Eigentlich boomte Georg Friedrich Händel schon immer. Schließlich durften sein »Largo«, sein Messias-»Hallelujah« oder seine »Feuerwerksmusik « noch nie auf einem repräsentativen Barocksampler fehlen. Doch mittlerweile ist ein regelrechter Händelruck durch den Klassikbetrieb gegangen. »Das hängt mit der Sehnsucht nach einer melodischen Linie, aber auch mit einem Bedürfnis nach Harmonie zusammen«, so Hans- Georg Hofmanns Überlegungen zur aktuellen Händelmode. »Händels Musik äußert sich bei all ihrer Komplexität als eine klare Sprache der Leidenschaften – und damit spricht sie uns gestresste und vom Medienzeitalter beeinflusste Menschen vielleicht mehr an als andere Musik.« Ganz falsch liegt Hofmann damit wohl nicht. Immerhin verstreicht in Deutschland keine Opernsaison mehr ohne eine neue Händelproduktion. Und kaum ein Monat scheint zu vergehen, in dem nicht ein Arienrezital veröffentlicht wird. Doch natürlich schlummert in dem riesigen Händelfundus mit seinen allein rund 2.000 Arien, die sich u.a. auf knapp 80 Opern, Oratorien, Oden und Serenaden verteilen, noch vieles Unbekannte. Was gerade bei einem eingefleischten Händelfan wie Hofmann entsprechende Glücksgefühle auslöst. Denn er besitzt nicht nur die nötige musikwissenschaftliche Spürnase, die schon während seiner Studentenzeit am Hallenser Händelhaus ausgebildet wurde. Als Konzertdramaturg beim Kammerorchester Basel kann der 39-Jährige seit nunmehr sieben Jahren die neuesten Händelerkenntnisse sofort in die musikalische Praxis umsetzen lassen. 2004 war das so, als er mit dem Dirigenten Paul Goodwin die erste Aufführung von Händels Oper »Lotario« nach 300 Jahren ermöglichte.

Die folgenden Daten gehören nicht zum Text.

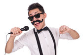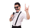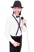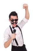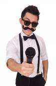 Zdjęcie "Człowiek z mikrofonem na białym" może być wykorzystywane do celów osobistych i komercyjnych zgodnie z warunkami zakupionej licencji Royalty-free. Obraz jest dostępny do pobrania w jakości wysokiej rozdzielczości do 5760x3840.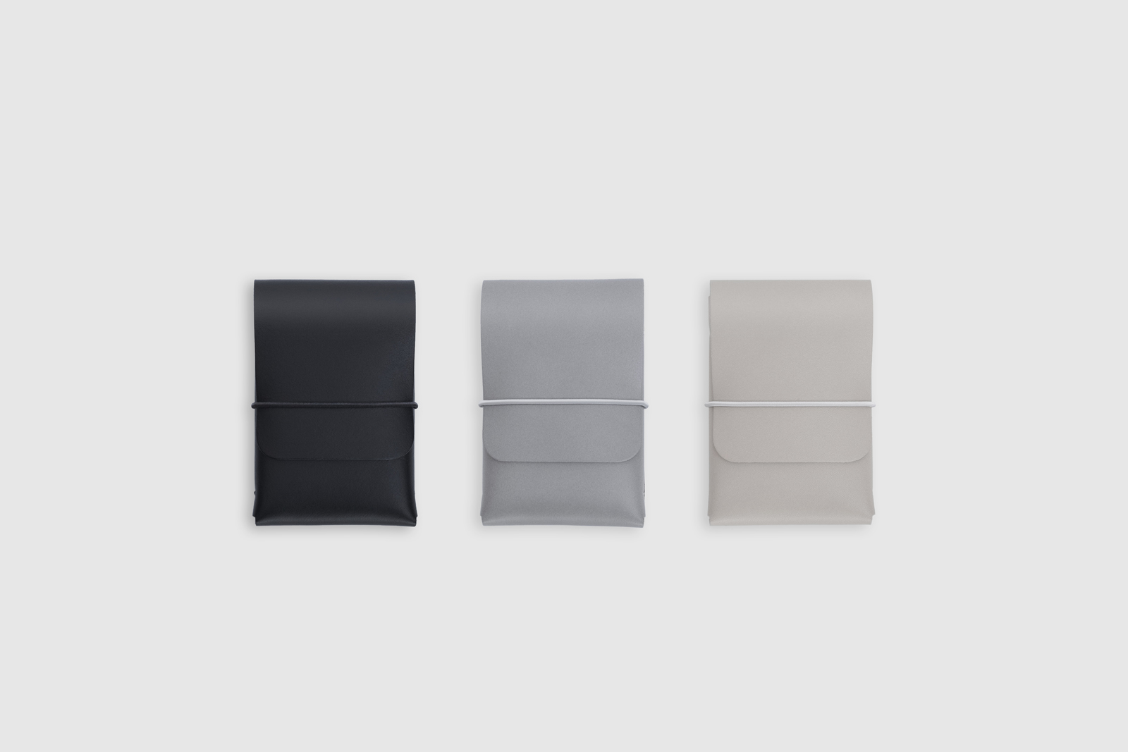 ▲1枚の革を折りたたんで、硬質パルプとゴム紐、最小限の縫製でできたユーティリティケース。(クリックで拡大)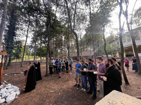 Μετά την Ακολουθία του Μεγάλου Παρακλητικού Κανόνος, στην οποία έψαλλαν οι φοιτητές και τέλεσε ο πνευματικός υπεύθυνος της κατασκήνωσης Αιδεσιμολ. Πρωτ. π. Αθανάσιος Μαρινόπουλος, ο Σεβασμιώτατος μίλησε στους φοιτητές επικαίρως και συζήτησε μαζί τους. Οι φοιτητές σε κλίμα ενθουσιασμού τραγούδησαν χριστιανικά τραγούδια και δημιούργησαν ένα μοναδικό κατασκηνωτικό κλίμα.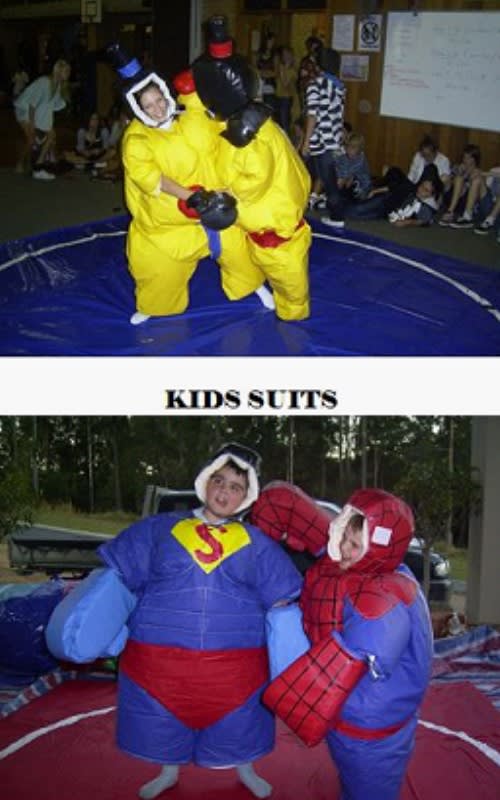 Our Sumo suits are a hilarious amusement that will have everyone in a big belly laugh. The kids look so funny in these suits and have a great time battling their mates and rolling around like a turtle on its back.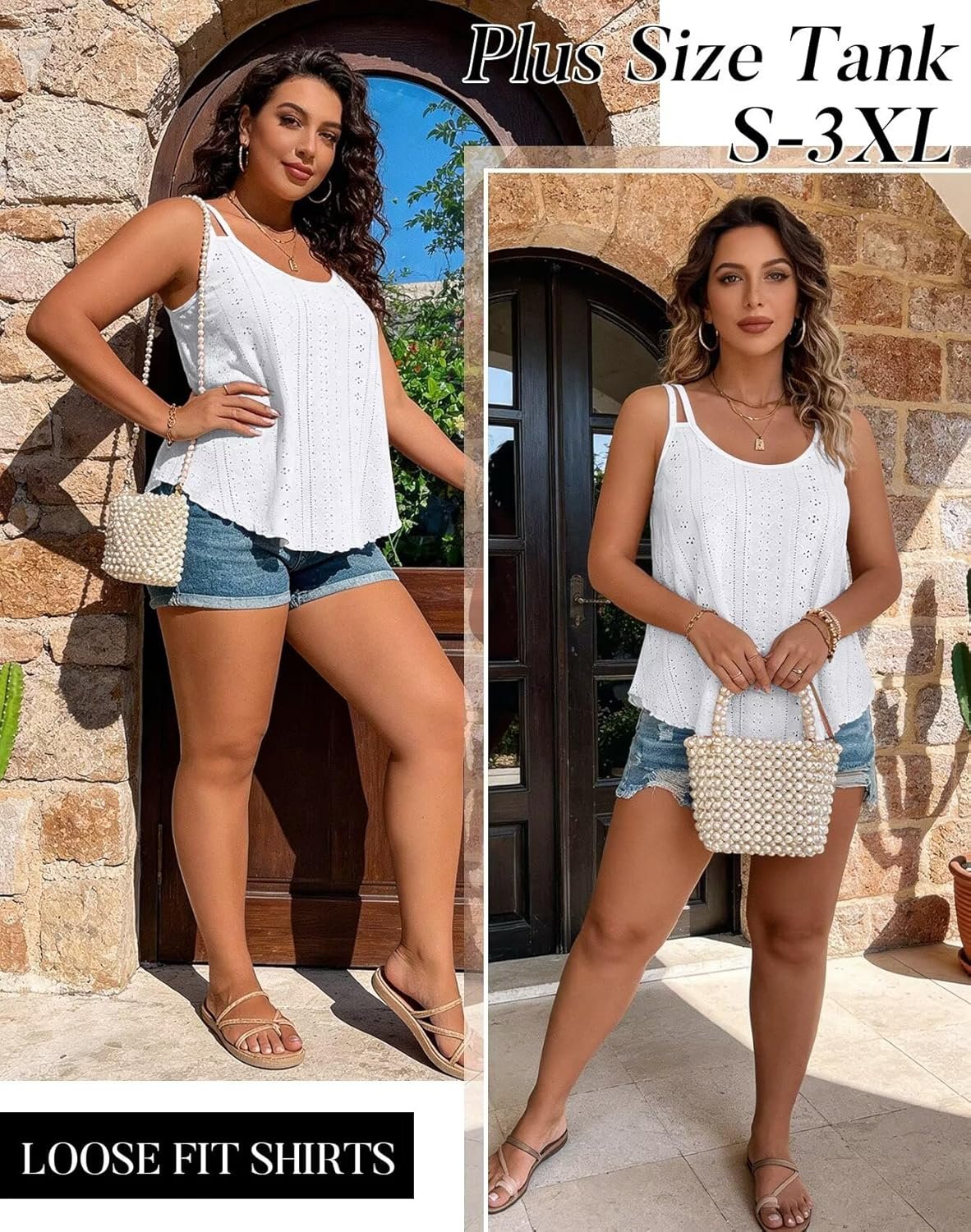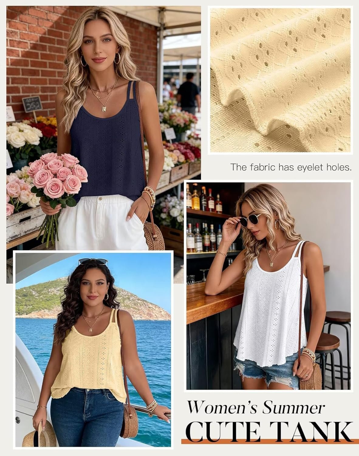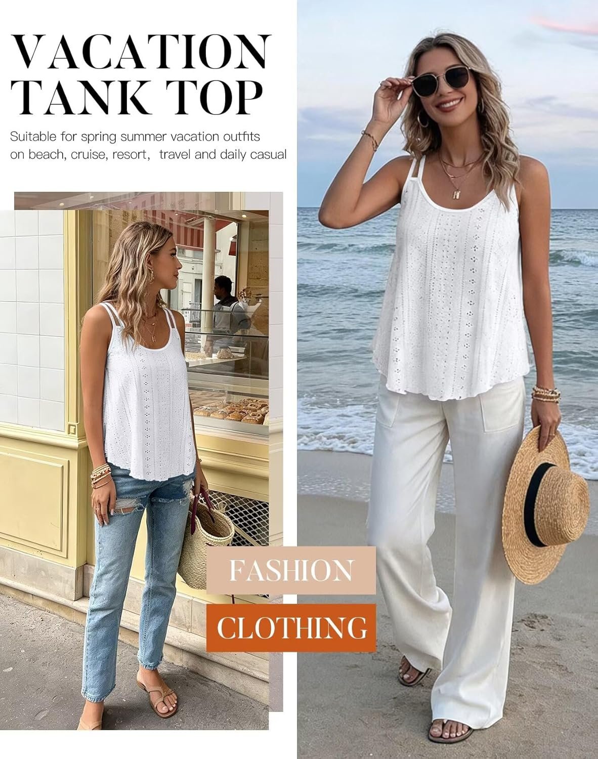 KKJ Eyelet Embroidery Solid Color Tanks Top for Women Comfy Lightweight Cami

Und nachdem die Krönungsoper »Riccardo Primo« im letzten Jahr während der Händelfestspiele in Halle präsentiert worden ist, liegt jetzt die Ersteinspielung der zweiten Fassung auf der Basis der Neuen Hallischen Händel- Ausgabe vor. Hofmann: »Beim Riccardo ist die Entstehungsgeschichte interessant. Es gibt ja eigentlich zwei ‚Riccardo Primo’-Fassungen. Händel schrieb ihn 1727 ursprünglich für König George I. Nachdem der englische König aber auf dem Weg nach Hannover gestorben war und sich zudem bei den Proben die beiden Diven Faustina Bordoni und Francesca Cuzzoni im wahrsten Sinne des Wortes in die Haare geraten waren, schrieb Händel das Stück ein halbes Jahr später für die Krönung des neuen Königs noch mal um. Speziell der letzte Akt ist in der Instrumentierung wesentlich farbiger und dramatischer gestaltet. Mit den Trompeten, Pauken und den Flöten, die von der Piccoloflöte bis zur Flauto Basso reichen.«
Neben der ebenfalls mit Goodwin realisierten Aufnahme hat Hofmann aber gleich noch höchstselbst ein Projekt für den Countertenor Lawrence Zazzo und die Sopranistin Nuria Rial zusammengestellt, das Liebesduette aus kaum bekannten Opern von Händel vereint. So sehr Hofmanns ausgeprägte Entdeckerantennen einerseits sogar bis zu Schönberg reichen, so müssen es andererseits nicht immer nur bislang mächtig verstaubte Partituren sein. »Man kann so viel entdecken, wenn man in den Quellen liest, wie und mit welcher Besetzung die Werke aufgeführt worden sind. Man hat zwar wie beim ›Riccardo‹ nicht die Originalbesetzung, aber eine großzügige Orchesterbesetzung – womit alles einen voluminösen Sound, alles einen ganz anderen Swing und Drive bekommt.« Solche Überraschungseffekte will Hofmann zukünftig jedoch nicht nur dem Opern-, sondern auch dem Instrumentalkomponisten Händel entlocken. »Corellis Concerti Grossi wurden damals in Rom mit 24 Gei gen und ebenso vielen Continuo-Instrumenten aufgeführt. Wenn man die se Aufführungspraxis auf die Concerti Grossi von Händel übertragen oder die Besetzung von Händels Londoner Opernorchester übernehmen würde, könnte man auch da ein altes, neues Händelbild kreieren.« Die Händelwelt wird daher noch länger via Basel blicken und hören.